Today, in this new Stata series, we are exploring a variation of small multiples where a separate trend line is highlighted in each subplot while background information is provided in dimmed grey. The final solution makes use of separate, scatter, and graph combine.
The dataset we will use is composed of 144 observations on the monthly number of international airline passengers (in thousands) between 1949 and 1960. Such time-series dataset would be a perfect fit for a simple line plot, as illustrated below: (Note that I am using the plotplain scheme.)
webuse air2
scatter air time, m(o) c(l)
However, what if we want to arrange the data by month but keep a trend line across year? Something like in the following picture, which was made using R:
First, we need to create two new variables that will hold the current month and year, and that will be used for facetting the display:
generate y = floor(time)
generate m = mod(t, 12)
replace m = 12 if m == 0
label define m 1 "Jan" 2 "Feb" 3 "Mar" 4 "Apr" 5 "May" 6 "Jun" 7 "Jul" 8 "Aug" 9 "Sep" 10 "Oct" 11 "Nov" 12 "Dec"
label values m m
Note that it would be possible to use the creturn value c(Mons)

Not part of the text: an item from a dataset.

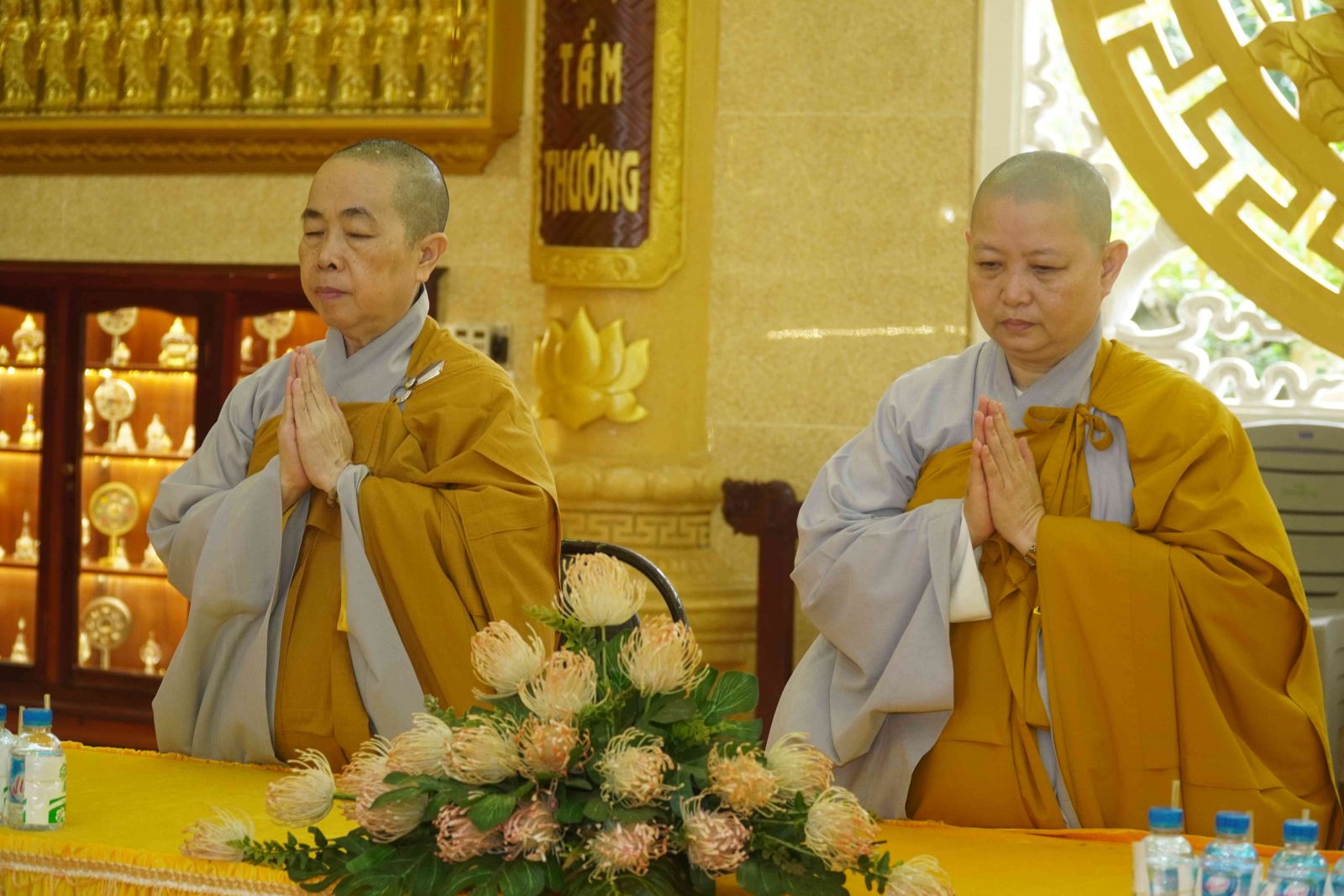 Quang lâm về Tịnh nghiệp Đạo tràng An cư Kiết hạ Chùa Long Vân, Thượng tọa Trưởng Ban Trị sự cùng Chư tôn đức Tăng Ni đã cung đối trước tam bảo, niêm hương đảnh lễ Tam bảo. Sau đó NT. TN Như Dung đã vấn an sức khỏe Chư tôn đức trong Ban Trị sự và bày tỏ niềm hoan hỷ khi đón đoàn Ban Trị sự GHPGVN tỉnh về thăm và sách tấn Chư hành giả An cư tại hạ trường.

to encode abbreviated month names. This basically allows us to draw yearly data by month as in the following example:
scatter air y, by(m, note("")) c(l) m(none) xtitle("")
The above command could be simplified if we were to rely on time-series (or even panel-related) graphical commands in Stata, e.g.:
tsset m y
tsline air, by(m)
Unfortunately, neither scatter
nor tsline
offer an over()
option, so we must rely on a different approach if we want both an overlay and a facet. There is the sepscatter
command, written by Nick Cox, to draw overlaid scatterplots, but it is not a twoway plot type hence it cannot be combined with other twoway commands like scatter
. Here is a one-liner command:
sepscatter air y, sep(m) recast(line) lc(gs12 ...) lp(solid ...) legend(off)
It turns out that we can really do the same using a combination of separate
and scatter
:
separate air, by(m) gen(mm)
scatter mm* y, recast(line) lc(gs12 ...) lp(solid ...) legend(off) || line air y if m == 1, lp(solid) lw(medthick) xtitle("")
Finally, graph combine
will allows to combine different graphs into a single file, with the minor caveat that we cannot use regular expression to match graph saved into memory and so we have to list them all (the same problem would happen if we use a saving()
option or a graph save
command to save graphics on disk). Below is the final command that will be used to generate the final output. Note that we use a for
loop to iterate over months for each plot while handling graphic annotation and saving in memory:
forvalues j = 1/12 {
scatter mm* y, recast(line) lc(gs12 ...) lp(solid ...) xla(1949(2)1960) legend(off) title(mmonth) || line air y if m == `j', lp(solid) lw(medthick) xtitle("") title("`: label m `j''") name(p`j')
}
graph combine p1 p2 p3 p4 p5 p6 p7 p8 p9 p10 p11 p12, rows(3) cols(4)
graph drop _all
The take-away message is that Stata is quite flexible in allowing a by()
and an over()
option for graphics. When one is not available (e.g., over()
in scatter
) or cannot be used in combination with other command, one could simply think of an alternate data structure and use graph combine
as a replacement of the by()
option for facetting.